Exercise :: In your reply, print every line of the listing exactly and omit all images.

========

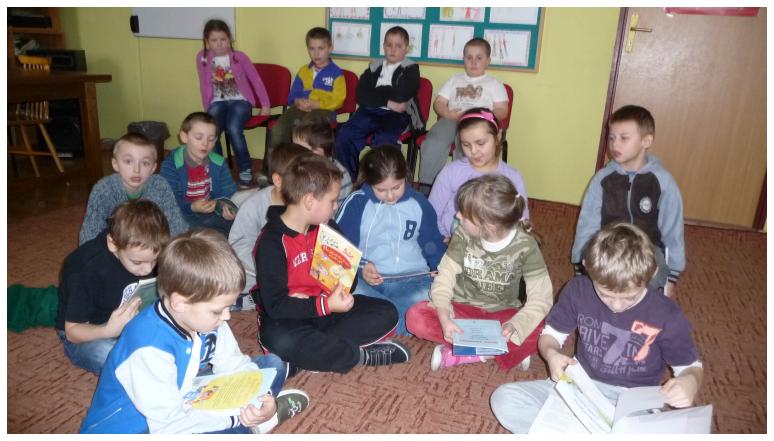 Lekcja biblioteczna w klasie pierwszej
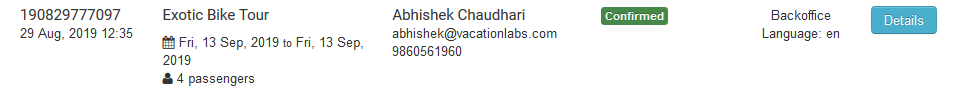 Once a Booking is recorded in the back-office it can be in either a Confirmed, Unconfirmed, Cancelled, Pending Inquiry, Rejected, Cart Abandoned. This states helps you get the overview of any customer booking quickly.
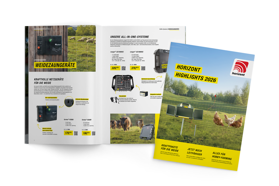 Im Weidezaunkapitel von horizont finden Sie zahlreiche neue Produkte und Innovationen „Made by horizont“.
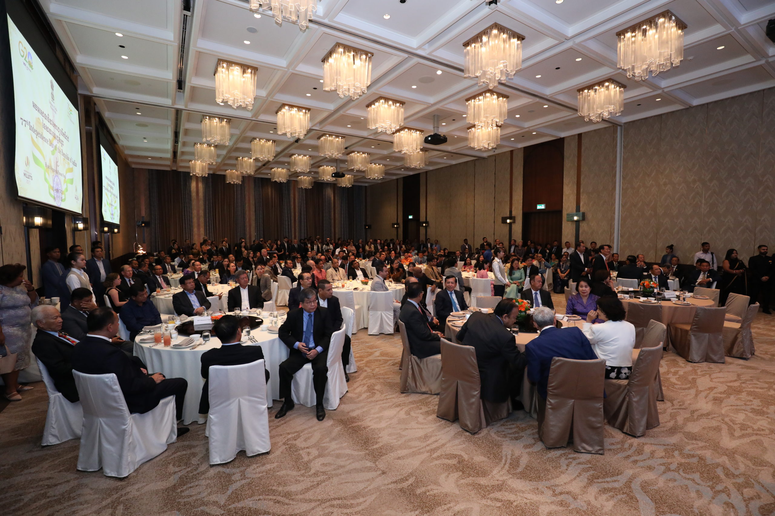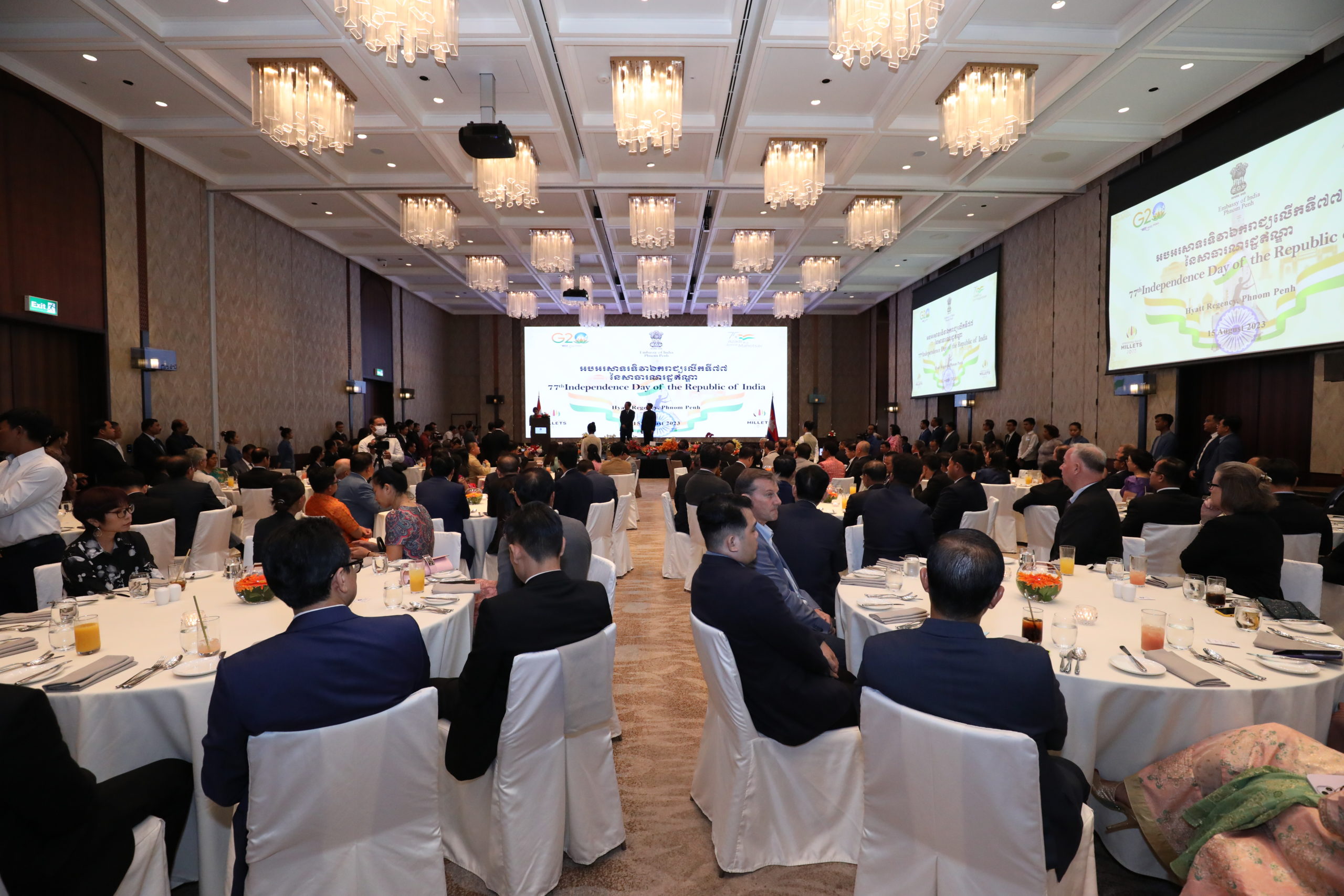 (ភ្នំពេញ)៖ កាលពីល្ងាចថ្ងៃទី១៥ ខែសីហា ឆ្នាំ២០២៣នេះ ស្ថានទូតសាធារណរដ្ឋឥណ្ឌាប្រចាំកម្ពុជា បានរៀបចំពិធីអបអរសាទរខួបលើកទី៧៧ នៃទិវាបុណ្យឯករាជ្យជាតិឥណ្ឌា នៅសណ្ឋាគារហៃយ៉តរីជិនស៊ី ភ្នំពេញ (Hyatt Regency Phnom Penh)។
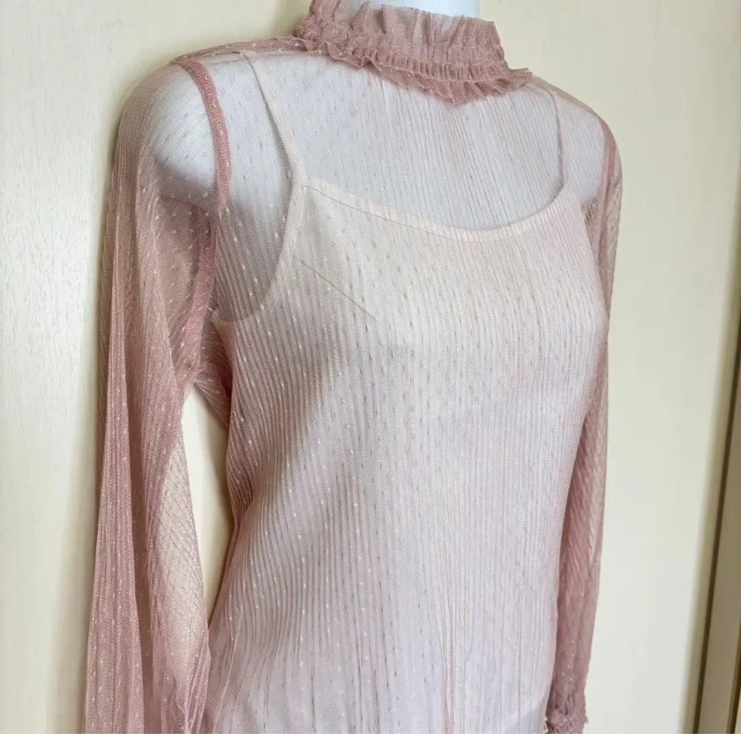 チコ ドットチュールハイネックブラウス シアー トップス 長袖 ピンク
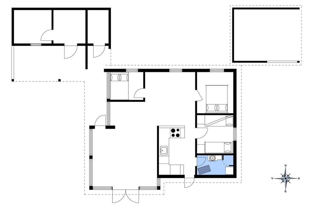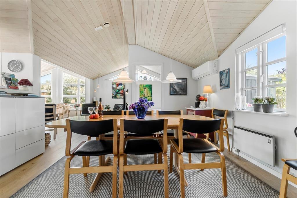 Forestil dig en sommermorgen. Du står op og går ud i den lyse stue, hvor solens første stråler kærtegner rummet. Du sætter kaffe over i det åbne og indbydende køkken og venter på, at familien vågner. Køkkenet har alt det du behøver for at lave lækre feriemåltider. Måske har du planer om at stege pandekager til morgenmad, eller måske står den på grillmad om aftenen – alt sammen nemt og bekvemt. Den knitrende brændeovn i stuen gør det hyggeligt, når aftenen falder på, og du nyder lyden af latter og samtaler, der fylder rummet. Efter en lang dag med eventyr kan hygge dig i det dejlige badeværelse, tage et varmt brusebad og nyde, at du har god tid og varmen i gulvet. Når det er tid til at finde ro, kan du vælge mellem tre skønne soveværelser. Måske vælger du at krybe op i den store dobbeltseng, eller måske vil du dele det hyggelige værelse med en køjeseng med børnene. Uanset hvad, er her plads til ro og hvile.
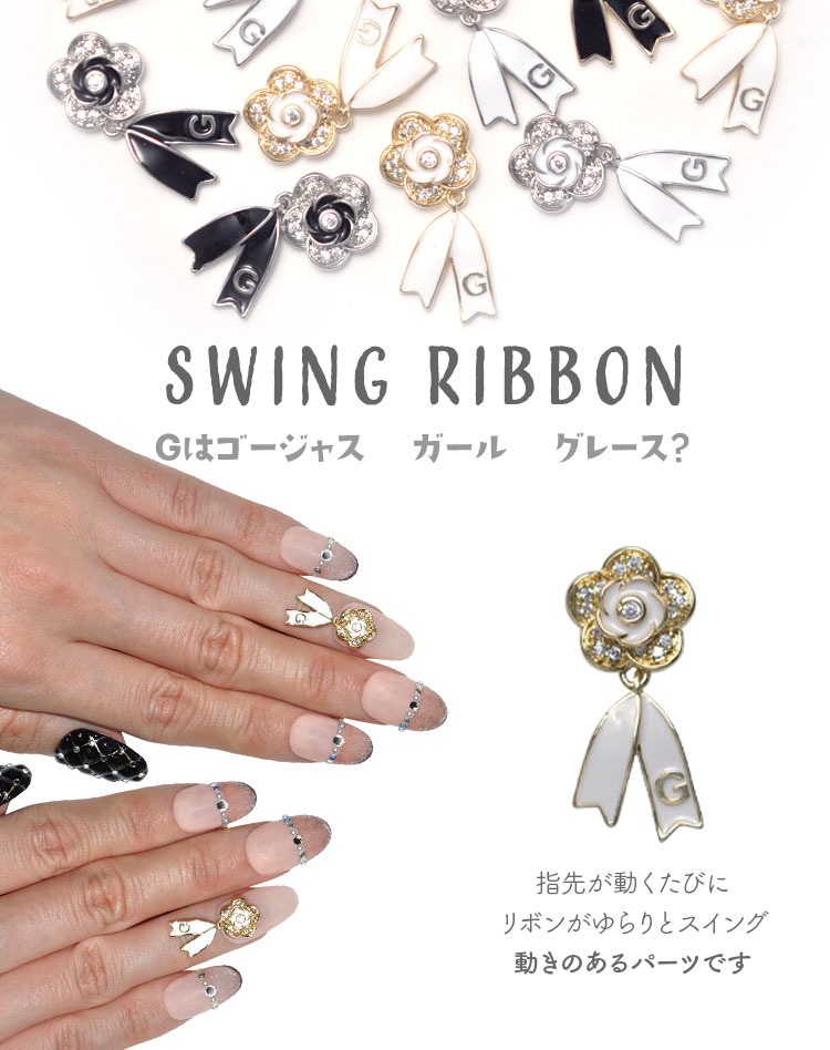 | SWING RIBBON Gはゴージャス ガール グレース? 指先が動くたびにリボンがゆらりとスイング 動きのあるパーツです キュートなベースにのせるとパーツがキュッと引き立ちみんなの視線を独り占め | |

========

Written reply ::
 Lekcja biblioteczna w klasie pierwszej
 Once a Booking is recorded in the back-office it can be in either a Confirmed, Unconfirmed, Cancelled, Pending Inquiry, Rejected, Cart Abandoned. This states helps you get the overview of any customer booking quickly.
 Im Weidezaunkapitel von horizont finden Sie zahlreiche neue Produkte und Innovationen „Made by horizont“.
 (ភ្នំពេញ)៖ កាលពីល្ងាចថ្ងៃទី១៥ ខែសីហា ឆ្នាំ២០២៣នេះ ស្ថានទូតសាធារណរដ្ឋឥណ្ឌាប្រចាំកម្ពុជា បានរៀបចំពិធីអបអរសាទរខួបលើកទី៧៧ នៃទិវាបុណ្យឯករាជ្យជាតិឥណ្ឌា នៅសណ្ឋាគារហៃយ៉តរីជិនស៊ី ភ្នំពេញ (Hyatt Regency Phnom Penh)។
 チコ ドットチュールハイネックブラウス シアー トップス 長袖 ピンク
 Forestil dig en sommermorgen. Du står op og går ud i den lyse stue, hvor solens første stråler kærtegner rummet. Du sætter kaffe over i det åbne og indbydende køkken og venter på, at familien vågner. Køkkenet har alt det du behøver for at lave lækre feriemåltider. Måske har du planer om at stege pandekager til morgenmad, eller måske står den på grillmad om aftenen – alt sammen nemt og bekvemt. Den knitrende brændeovn i stuen gør det hyggeligt, når aftenen falder på, og du nyder lyden af latter og samtaler, der fylder rummet. Efter en lang dag med eventyr kan hygge dig i det dejlige badeværelse, tage et varmt brusebad og nyde, at du har god tid og varmen i gulvet. Når det er tid til at finde ro, kan du vælge mellem tre skønne soveværelser. Måske vælger du at krybe op i den store dobbeltseng, eller måske vil du dele det hyggelige værelse med en køjeseng med børnene. Uanset hvad, er her plads til ro og hvile.
 | SWING RIBBON Gはゴージャス ガール グレース? 指先が動くたびにリボンがゆらりとスイング 動きのあるパーツです キュートなベースにのせるとパーツがキュッと引き立ちみんなの視線を独り占め | |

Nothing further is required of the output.